The feedback from the business unit clients to the CEO was that they were unhappy with the IT department. Projects were off the rails, day to day operations were patchy and there was no confidence that IT could contribute to business strategy. Grant (not his real name) was the CIO and it was only a matter of time before he was next through the revolving door. Of course, he was equally sure that the clients did not know what they wanted and that they changed their priorities when it suited them. Plenty of people would have agreed with him that he was right and they were wrong. Something had to give.
He decided to focus on his leadership behaviour to see if he could shift the needle on client satisfaction.
Grant had a quick intellect and a great ability to cut through the clutter. But his stakeholders saw him as abrasive. He realised that his quick analytical ability was both a blessing and a curse. Sure, he could come up with a quick solution to a problem but on the other hand he did not bring his key stakeholders, including his own team, along with him. In fact, he was impatient if they did not keep up.
He dedicated time with his business unit clients to listen and understand their priorities and market challenges. He instituted regular progress reporting to track the projects that they were sponsoring and a client satisfaction survey to capture their perceptions.
The clients responded well to Grant’s new approach and started to take ownership of the program of work. His team modelled Grant’s behaviour and brought a partnership attitude to their client relationships instead of playing the blame game. Far from being shown the door, Grant is now seen as a valuable member of the executive leadership team and an asset to the business.
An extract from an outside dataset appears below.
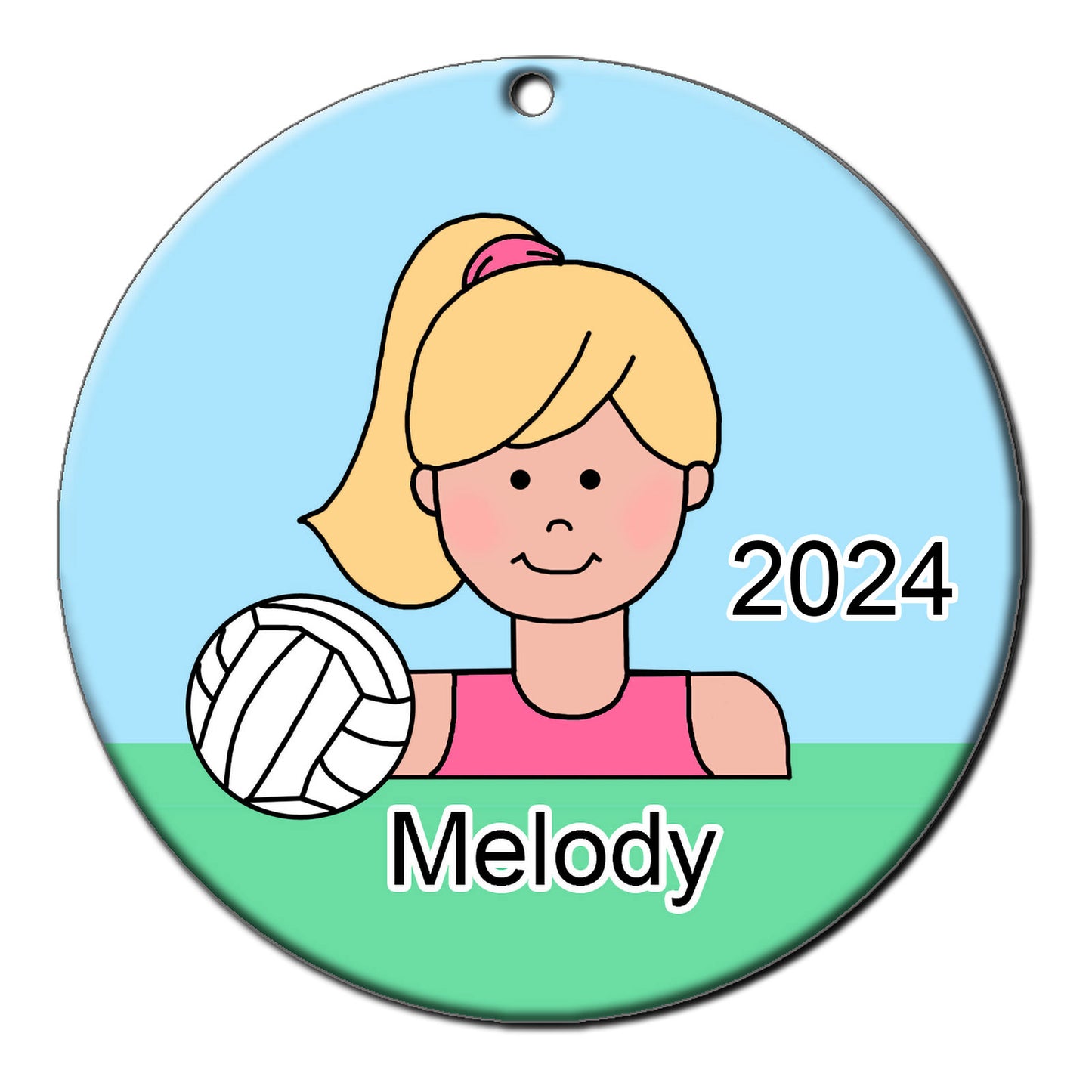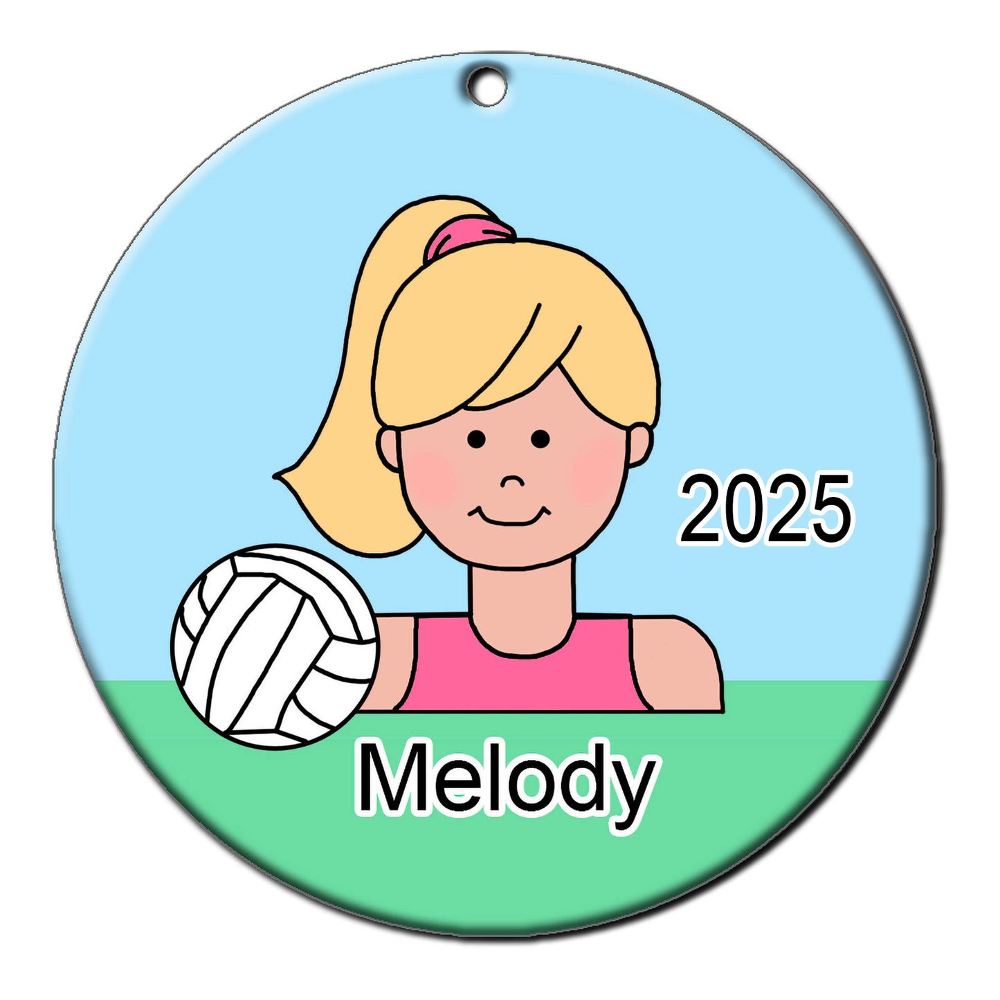 Kids who love volleyball will love this personalized volleyball Christmas ornament. Choose any of our cartoon girls with different skin and hair colors and personalize it with your child's name and year. 2.75" flat ceramic ornament comes with gold cord for hanging.Share

Grant’s leadership behaviour was critical in transforming the relationship with his clients. In fact, Zenger Folkman’s research has identified 16 Differentiating Competencies and the allied behaviours that set highly effective leaders apart. If you possess a strength in even one of the competencies you are more likely to be perceived as an outstanding leader in your organisation.
One of the competencies is ‘Practices self-development’ – key behaviours that support that competency are:
- Seek feedback from others to improve and develop.
- Make constructive efforts to change and improve based on feedback from others.
- Constantly look for developmental opportunities.
- Continually develop depth and breadth in key competencies.
- Demonstrate a curiosity toward learning.
- Take ownership for your own development.
- Look for ways to build challenge into current assignments.
- Learn from both success and failure.
- Model self-development and embrace its value.
What is a key behaviour you could embrace?